There will be a lot of talk surrounding where Phoenix stands amongst the portrayals of the iconic character, but I believe that to be counter-productive. Although there is plenty we recognise of the Joker, it’s a completely different character to what we’re used to.
Firstly, it commits the cardinal sin of giving the Joker an origin story, whereas this would be unforgivable in most cases (one of the Jokers great draws is the mystery surrounding him) in a film such as this, which shares no continuity with any established universe, it only enhances the character presented.
I’d say that the film is very reminiscent, in presentation at least, of classic Martin Scorsese films like Taxi Driver or King of Comedy, there is a lot of Travis Bickle about Arthur, in my opinion, and it’s gritty realisation of a city gone to hell reminds me of how Scorsese portrayed New York in his classic films.
There’s a lot about Joker that sets it apart from many of its counter-parts. It hasn’t got any character you could look upon as a ‘hero’ even though Arthur is sympathetic in parts, his actions make him alienating and confrontational, there’s very little redeeming about him, yet his character is so engrossing that you can’t tear your eyes away.

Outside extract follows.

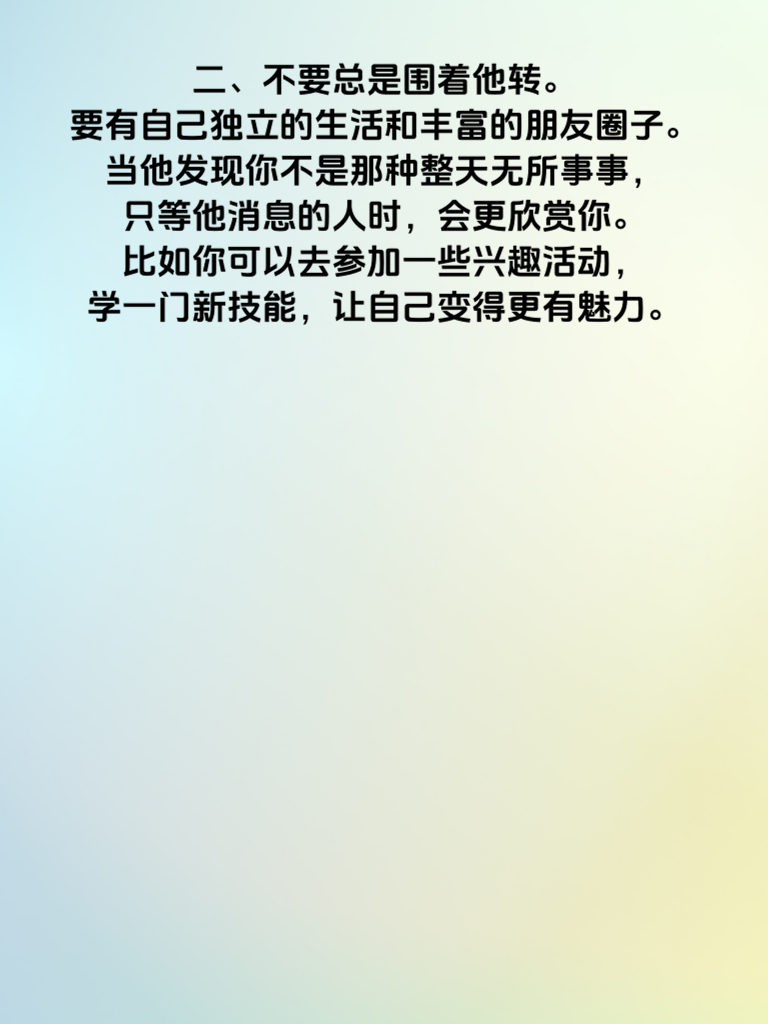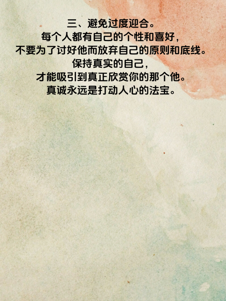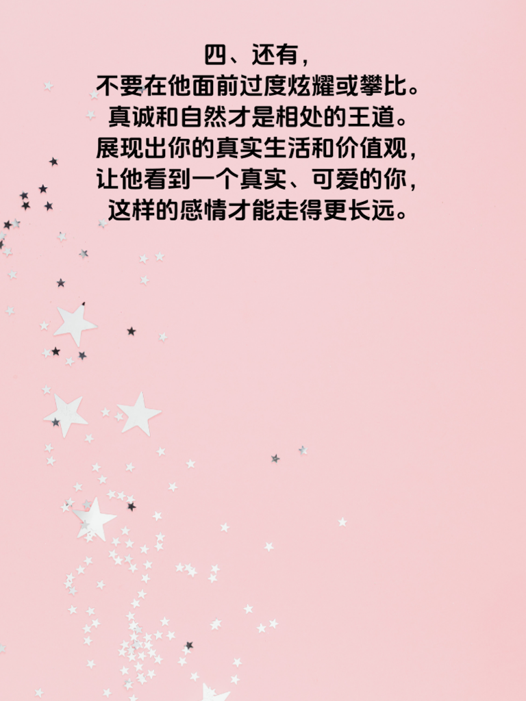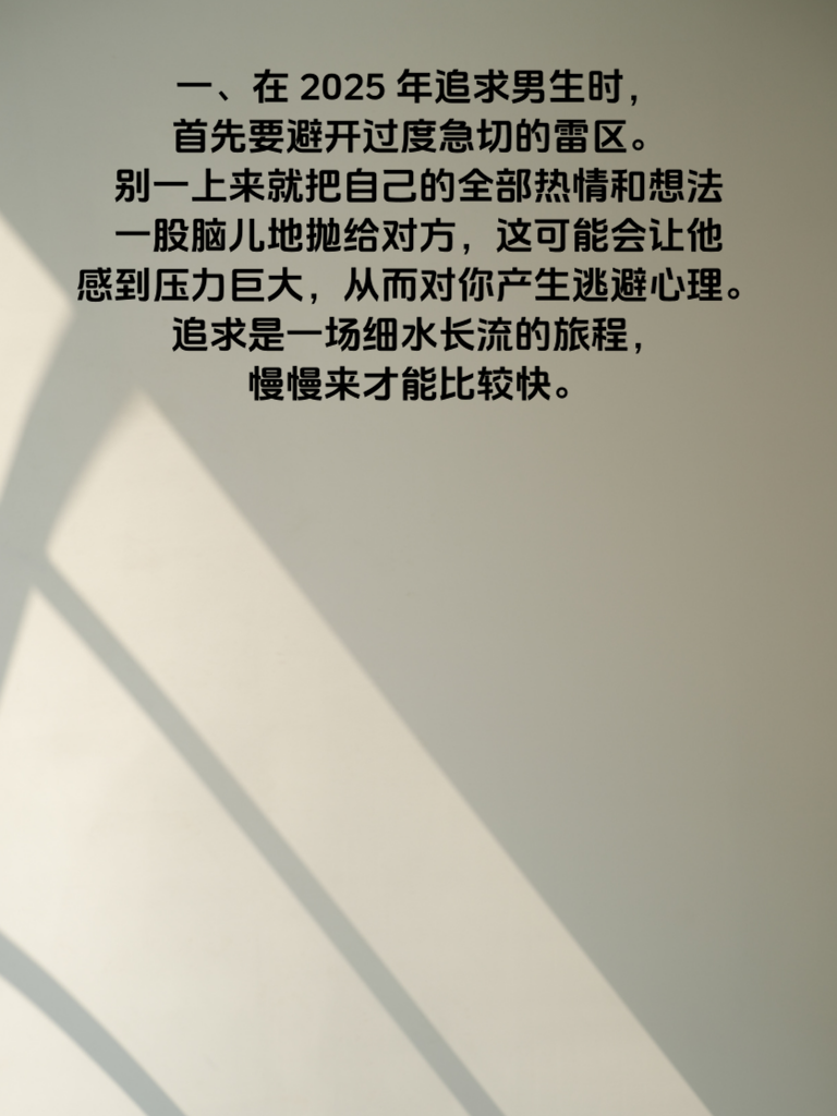 一、在 2025 年追求男生时,首先要避开过度急切的雷区。别一上来就把自己的全部热情和想法一股脑儿地抛给对方,这可能会让他感到压力巨大,从而对你产生逃避心理。追求是一场细水长流的旅程,慢慢来才能比较快。 二、不要总是围着他转。要有自己独立的生活和丰富的朋友圈子。当他发现你不是那种整天无所事事只等他消息的人时,会更欣赏你。比如你可以去参加一些兴趣活动,学一门新技能,让自己变得更有魅力。 三、避免过度迎合。每个人都有自己的个性和喜好,不要为了讨好他而放弃自己的原则和底线。保持真实的自己,才能吸引到真正欣赏你的那个他。真诚永远是打动人心的法宝。 四、还有,不要在他面前过度炫耀或攀比。真诚和自然才是相处的王道。展现出你的真实生活和价值观,让他看到一个真实、可爱的你,这样的感情才能走得更长远。

Speaking of characters, Joaquin Phoenix proves here why he is one of his generations best actors, with a performance that garnered a lot of buzz from the off, a buzz that is richly deserved by the way, he didn’t approach it as a typical superhero film, and it shows in his performance, which is as enthralling as it is completely terrifying.
The way it plays with your mind has an almost horror film feel, it creeps in and unnerves you with its portrayal of people at the very end of their rope and a city in chaos, its tense atmosphere sits over you like a layer of cling film, and it’s leading character becomes less and less empathetic as time goes by.

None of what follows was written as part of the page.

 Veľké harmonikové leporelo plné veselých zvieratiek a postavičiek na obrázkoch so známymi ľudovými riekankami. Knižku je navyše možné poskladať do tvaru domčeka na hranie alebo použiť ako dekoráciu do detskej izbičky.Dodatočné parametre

In short, there has never been anything quite like this film in comic book cinema before, it’s daring, it’s provocative, and it delivers an experience as genuinely unnerving as most horror films, and a leading performance which, by rights, should be hoovering up awards come the new year.
An absolute home run by everyone involved in delivering something that feels so fresh and new, with a character we’ve seen in several incarnations throughout the years. It’s staggering beauty is juxtaposes by the ugliness of its world and characters, and as a whole, it is absolutely fantastic.
In conclusion, this represents a new step into the unknown when it comes to uncovering a new sub genre within the comic book world; but I would warn against going back to the well, it stands on its own as an outstanding character drama, it doesn’t need revisiting, its legacy will one day speak for itself.